### TASK
Below are the records; copy exactly the stretch from the line containing "원부 선택 → 맨 밑에 선택 터치 → 맞으면 확인 터치" through the line containing "USV Control scenario: LOS", both ends included, and nothing else.

++++ LISTED ENTRIES ++++

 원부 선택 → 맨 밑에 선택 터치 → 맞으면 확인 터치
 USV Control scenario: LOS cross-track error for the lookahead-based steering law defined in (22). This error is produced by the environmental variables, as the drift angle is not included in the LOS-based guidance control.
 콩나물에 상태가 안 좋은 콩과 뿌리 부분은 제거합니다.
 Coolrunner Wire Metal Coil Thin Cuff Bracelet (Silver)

++++
++++ LISTED ENTRIES ++++

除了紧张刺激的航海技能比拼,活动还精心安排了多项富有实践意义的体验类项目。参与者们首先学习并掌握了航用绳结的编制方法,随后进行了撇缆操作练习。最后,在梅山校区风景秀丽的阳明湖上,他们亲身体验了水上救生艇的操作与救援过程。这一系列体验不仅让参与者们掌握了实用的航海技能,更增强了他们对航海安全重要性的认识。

++++
++++ LISTED ENTRIES ++++

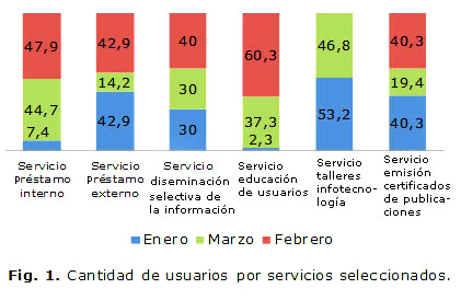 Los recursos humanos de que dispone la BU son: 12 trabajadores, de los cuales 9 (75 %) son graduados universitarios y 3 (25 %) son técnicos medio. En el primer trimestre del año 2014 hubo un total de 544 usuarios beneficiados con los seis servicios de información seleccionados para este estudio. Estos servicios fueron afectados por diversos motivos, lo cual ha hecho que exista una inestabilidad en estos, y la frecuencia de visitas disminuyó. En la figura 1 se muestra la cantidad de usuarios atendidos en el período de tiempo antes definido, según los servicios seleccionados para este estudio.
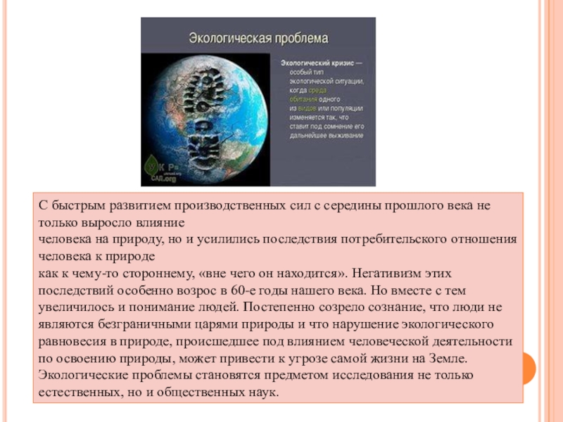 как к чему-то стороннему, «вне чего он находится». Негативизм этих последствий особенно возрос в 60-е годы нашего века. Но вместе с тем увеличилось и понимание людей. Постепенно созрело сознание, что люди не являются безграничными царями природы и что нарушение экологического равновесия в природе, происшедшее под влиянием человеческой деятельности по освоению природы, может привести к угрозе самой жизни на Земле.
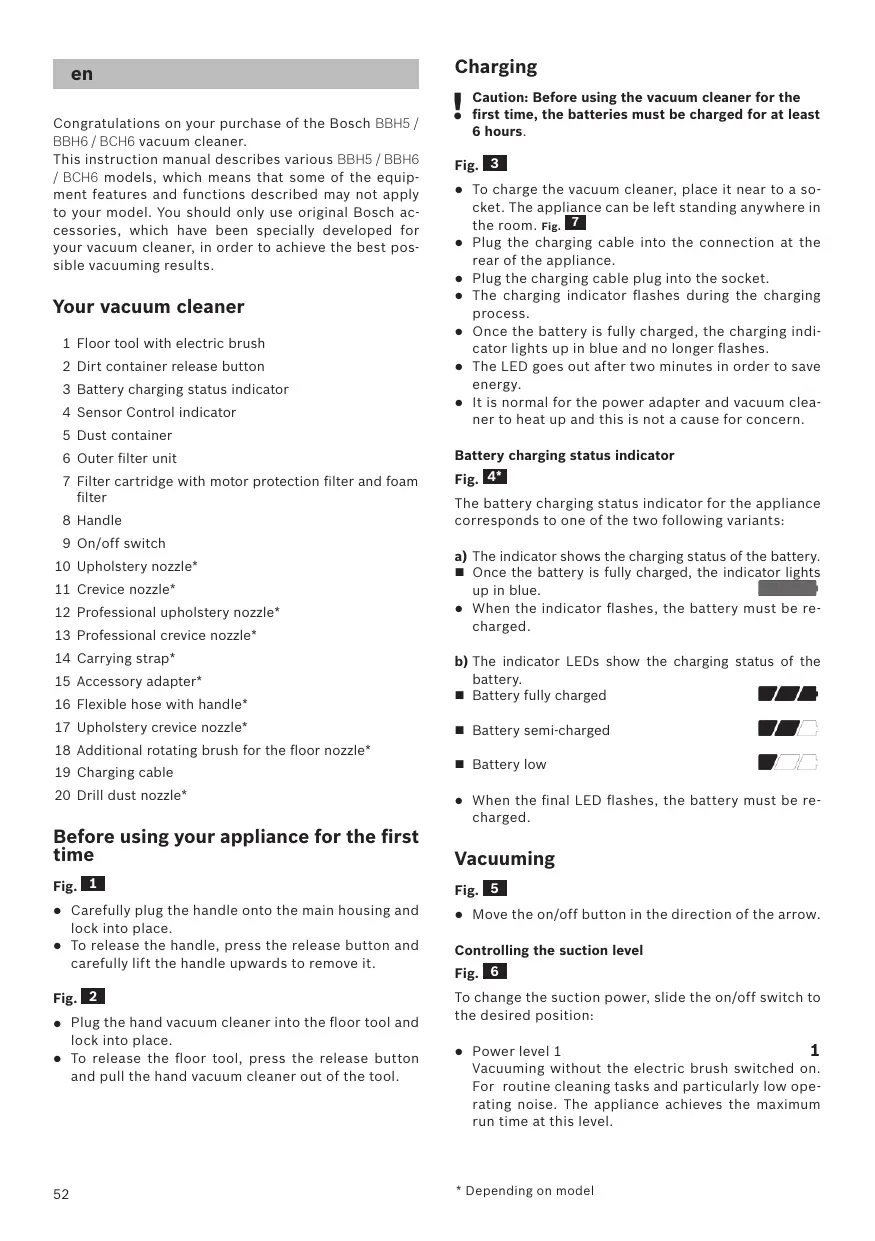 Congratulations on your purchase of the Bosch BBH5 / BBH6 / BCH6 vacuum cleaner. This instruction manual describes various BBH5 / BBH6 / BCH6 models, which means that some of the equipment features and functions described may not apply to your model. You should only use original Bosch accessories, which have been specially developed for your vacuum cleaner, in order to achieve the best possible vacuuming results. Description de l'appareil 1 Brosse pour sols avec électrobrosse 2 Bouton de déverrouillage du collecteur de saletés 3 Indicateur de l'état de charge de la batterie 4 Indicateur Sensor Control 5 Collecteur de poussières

++++

### YOUR SOLUTION
 원부 선택 → 맨 밑에 선택 터치 → 맞으면 확인 터치
 USV Control scenario: LOS cross-track error for the lookahead-based steering law defined in (22). This error is produced by the environmental variables, as the drift angle is not included in the LOS-based guidance control.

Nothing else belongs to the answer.